Please read Solarisjedi's "Auditing challenged with SSH"
I recently had a real dilemma thrown at me by the security team at a site I work on. The site's policy dictates that no authentication should take place without a password. Any exceptions require both a business case justification on file, and an expiration. This presents a real challenge with SSH. SSH allows public key authentication as an alternative to passwords, and the private key can be created without a passphrase. In addition, there is no way to enforce a key expiration at a server level (at least, not that I've been able to find).
Definitely read the whole post, but here is more:
There is no solution I can see to the issue of enforcing passphrase complexity, or auditing use of non-interactive key pairs because that part of the process is handled entirely by the client. It's very difficult to convince a security officer that key generated on an uncontrolled device can be trusted for authentication against Sarbox servers.
Our decision, much to my dismay, was to disable public key authentication site-wide. I feel like we're throwing the baby out with the bath water, but at the same time I understand the need to audit system access, and be able to enforce policy. I'm anxious for our Solaris 9 fleet to turn over to Solaris 10 so we can begin using the more capable version of SSH it includes.

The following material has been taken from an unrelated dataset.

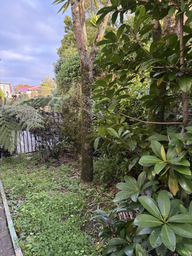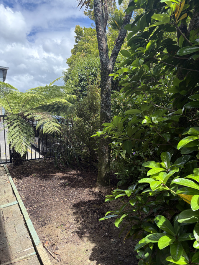 Spraying and manual removal of weeds from a side of townhouse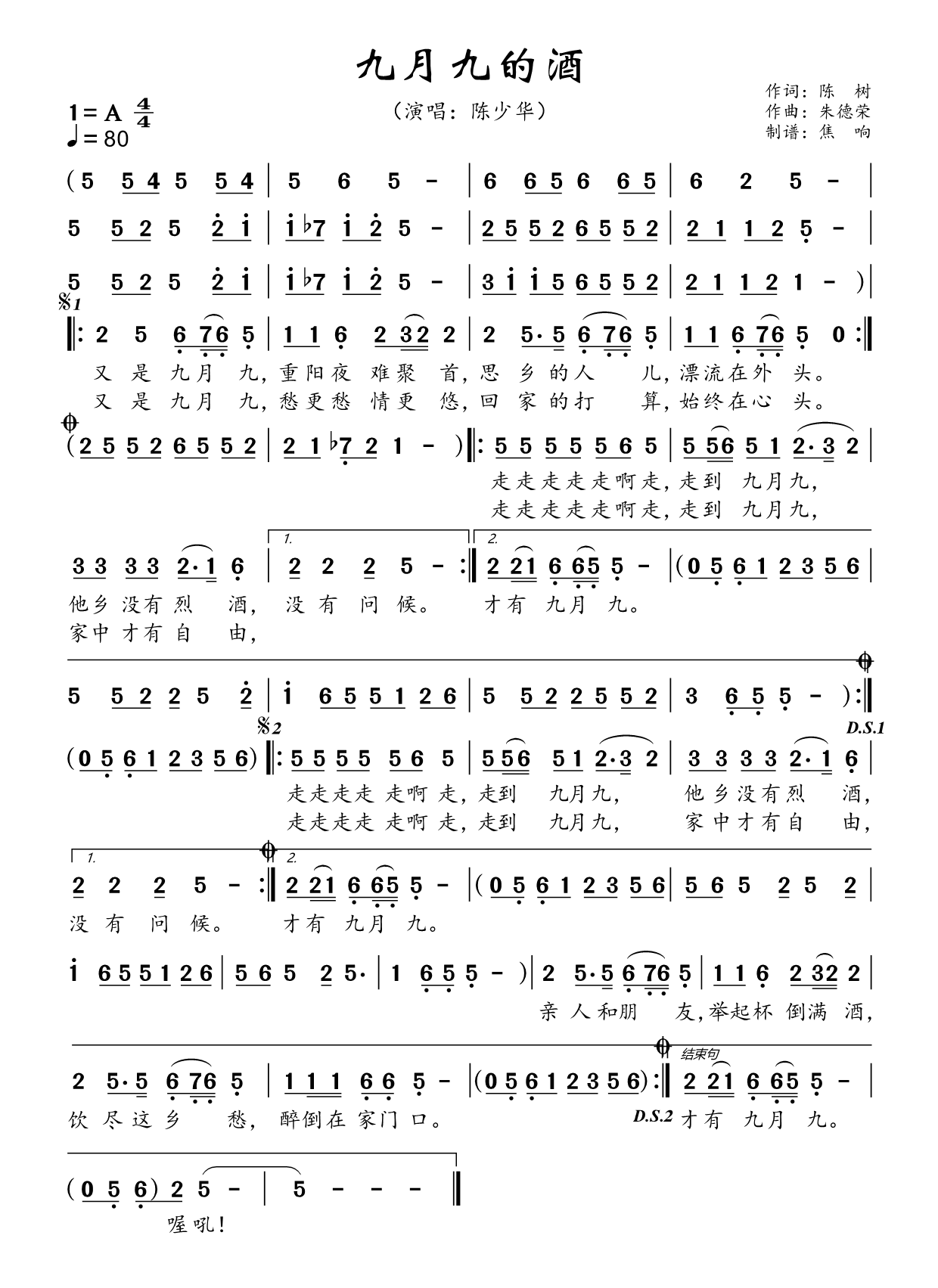 本文标题 《陈少华《九月九的酒简谱》》,网址:https://www.21qupu.com/jianpu/11084.html

SSH offers "no way to control who on a server is authorized to use public key encryption, no way to enforce passphrase complexity, and no way to expire a public key.".
WiKID does allow fine-grained control over who is provided access. The user selects the passphrase for their private key, but the PIN is validated on the WiKID server, so you have true two-factor authentication. What WiKID needs is a command-line interface so you can enter your PIN as part of the SSH command.
PS: I would have thought that the compliance audit would require 2-factor authentication for remote access, not just passwords.